Introduction
============

This directory contains a set of prototype tools for inspecting and analyzing Streamline captures from the command-line. In particular the tool `analyze_capture` is provided which can be used to process Streamline captures and generate reports for the sampled functions and call paths. These tools are based on a new processing implementation that provides faster analysis than the current Streamline UI. They provide new features such as the ability to render per-function metrics and improved SPE derived metrics.

What are function attributed metrics?
-------------------------------------

Traditionally Streamline has supported two modes of sample based profiling; periodic sampling and event-based sampling. Periodic sampling provides a view of the profiled application, showing where time is commonly spent, but does not provide a means to identify why time is spent there or whether that time is being utilized efficiently. In contrast, event-based sampling allows the identification of regions of code that commonly trigger some event, but often lack the context necessary to judge the impact of that event on the overall performance of the application. Consider for example a function that is identified using event-based sampling as having a high number of cache misses; is this a cause for concern and should effort be spent optimizing that function? On the one hand, poor cache utilization is a common cause of performance bottlenecks, on the other hand the application may be compute bound and only a small fraction of its overall time is spent in this function. Equally this could be the core loop of the application, and though the number of cache misses is high, when compared to the number of cache accesses, the overall miss-rate is low.

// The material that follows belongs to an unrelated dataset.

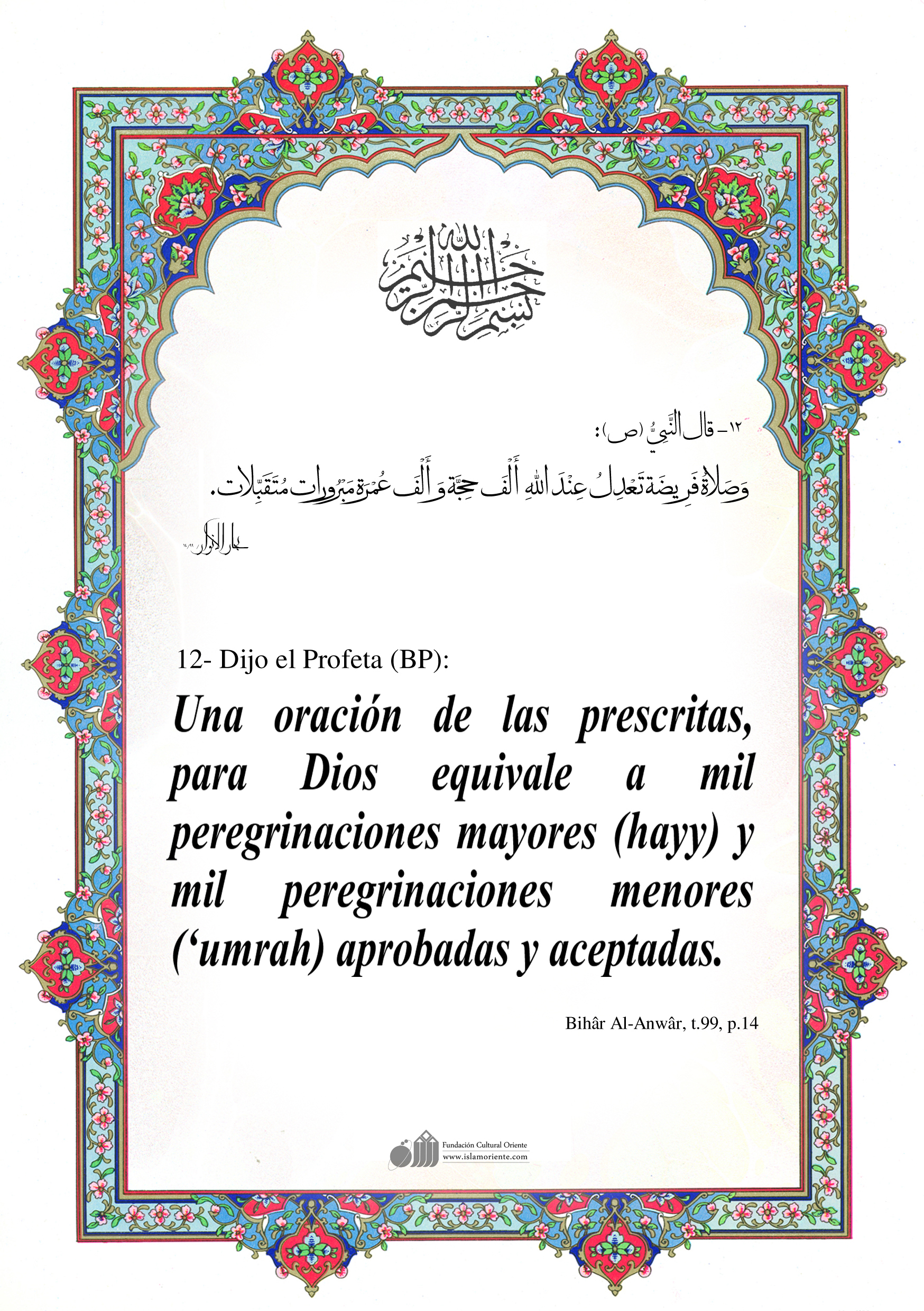 Dijo el Profeta (BP): Una oración de las prescritas, para Dios equivale a mil peregrinaciones mayores (hayy) y mil peregrinaciones menores (‘umrah) aprobadas y aceptadas.
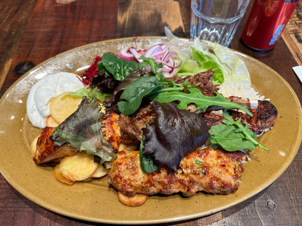 Idag har jag varit ute på kundbesök stora delar av dagen. Jag kom till en ny kund kl 11.00 och vi satt och pratade en stund. Han ville servera mig lunch och det tackade jag ja till. Han kom med denna ljuvliga tallrik och så fanns det sallad m m att hämta också. Oj, vad jag njöt! Vilken välsignelse och så glad jag blev! Det var jättegott. Han ville också annonsera på våra sajter så det var bara positivt allting.

Function attributed metrics provide a means to combine periodic sampling with a set of performance metrics that can be attributed to individual functions. This approach allows the identification of the most commonly used functions within an application, and for each provides a range of metrics that can be used to identify different CPU performance bottlenecks. Given the previous example, it is possible to identify both the percentage of overall time spent in the function and the significance of the cache miss (and many other) events.


Prerequisites
=============

For best results, it is recommended to use the provided Linux kernel patches, which modify the behavior of the Linux perf API to better support collecting function attributed metrics with the Arm PMU on 64-bit Arm architectures. Without these patches it is still possible to collect metrics, but with greater overhead and increased performance impact on the target application.

With the full set of patches applied it is possible to collect performance metrics for:

  * The whole system (system-wide mode).
  * Single threaded applications.
  * Multi-threaded applications and applications that spawn child processes.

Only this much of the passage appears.